Most problematic in terms of the historical-political lexicon, in our eyes, because it is introduced by way of implication alone, is the usage, in point 2 of the statement, of the term natives for Palestinians, a usage that feeds into the gray area in attitudes towards Israel in that it applies a highly politicized version of postcolonial ideology against Israel and, with one quick but silent stroke, impugns all Israeli Jews. If the Palestinians are the natives, then who are the Jews? This vocabulary insinuates two perceptions of Jews: an old perception as “strangers,” irrespective of where or how long they reside in a place; and a new one as “invaders”: settler colonialists, the long arm of European imperialism and colonialism, bringing to bear all of the latter’s racism and will to dominate and exploit the “natives.” If the deployment of the language of indigeneity is not merely intended as an instrument of discreditation, then some disambiguation is required: Israel, like other states resulting from territorial partition, is a postcolonial state; not all Palestinians were originally natives of Palestine; some Jews were originally natives of Palestine; etc. Otherwise, this version of postcolonial language is not only erroneous but fuels antisemitism in Europe – suggesting that wherever they are, Israel or France, Jews do not truly belong — and undermines any possibility of local compromise.

Jewish history is full of ambivalences, contradictions, and hesitations. But not all of them are the same. And in order to forge a clearer path through the gray area that, because of the antisemitism it entails, is harming the Palestinian cause, we think one has to both acknowledge more thoroughly the ambivalence in our social and political situation and address it with less ambiguity. Given that the express intention of the statement is to separate criticism of Israel from antisemitism, certain key terms that are intimately connected with historical and current ambivalence and animosity towards Jews could and should have been avoided or their use clarified. This would have allowed many more Jewish (both Israeli and not) and other readers to identify with the statement unreservedly.

There is a clear tendency, especially on the left, to demand less of the weaker camp and assume that it is unable to enter into a demanding dialogue on an equal footing. In our opinion, this does not show support but the expression of a patronizing attitude. While ambiguities can contribute to either veiling or sharpening oppositions, it is the difficult vocation of the intellectual to take the ambivalences on both sides into account, all the more so when a shared historical- political lexicon with which to address the conflict is so sorely needed. And yet, although the statement fails to clarify all of the complexity of what is here at stake, we nonetheless commend its signatories for taking seriously a subject that is urgent and significant for Jewish and Palestinian Israelis, for other Jews and Palestinians, and for everyone who is concerned about the subject.

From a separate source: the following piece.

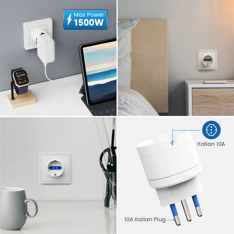- Adattatore semplice spina Italiana 2P+T 10A e presa italiana/Schuko 2P+T 10A Colore bianco - 1 presa elettrica Italia/Schuko 10A per alimentare 1 dispositivo elettrico - Design moderno che non occupa spazio: tutte le prese elettriche sono facilmente accessibili - Ricarica sicura: l’adattatore è dotata di protezione Bambin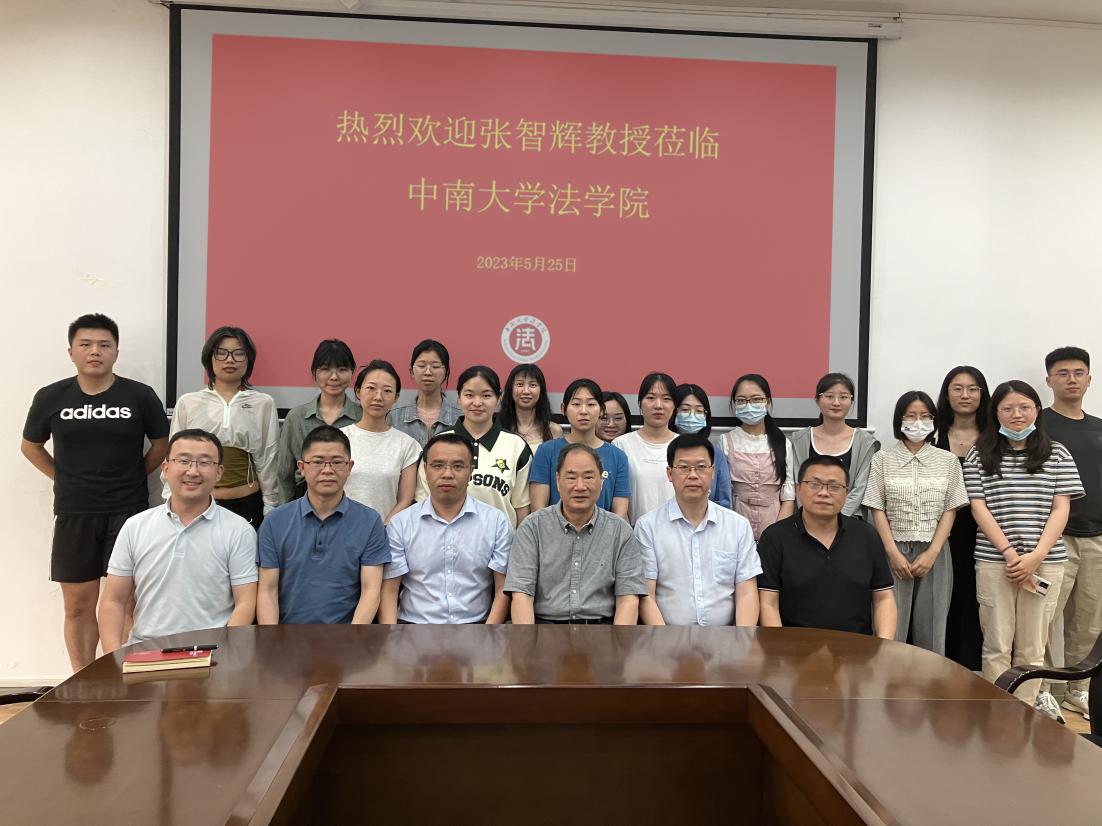 2023年5月25日下午15时,湖南大学国家腐败预防与惩治研究中心主任张智辉教授莅临“yl23411永利海内外名师名家学术论坛”,在yl23411永利集团以《刑法立法的价值取向》为题作专题学术讲座。yl23411永利集团院长许中缘教授致欢迎辞,副院长杨清望教授主持讲座,刘刚副教授、罗树志副教授、詹红星副教授、郑泽星博士以及在读刑事法学硕士研究生到场聆听。

Amos Morris-Reich and Danny Trom

 

Amos Morris-Reich is a history professor and the director of the Peter Roth Center for Antisemitism and Racism (one of only two such academic centers in Israel) at Tel Aviv University. His latest books include Race and Photography: Racial Photography as Scientific Evidence, 1876–1980 (Chicago: The University of Chicago Press, 2016) and Photography and Jewish History: Five Twentieth-Century Cases (Philadelphia: The University of Pennsylvania Press, in print).

Danny Trom is a social scientist at the French National Center for Scientific Research (CNRS) and Paris’s School of Advanced Studies in the Social Sciences (EHESS). His latest books are Perseverance of the Jewish Fact. A Political Theory of Survival (Paris: EHESS/Gallimard, Seuil, 2018) and France without the Jews: Emancipation, Extermination, Expulsion (Paris: Puf, 2018).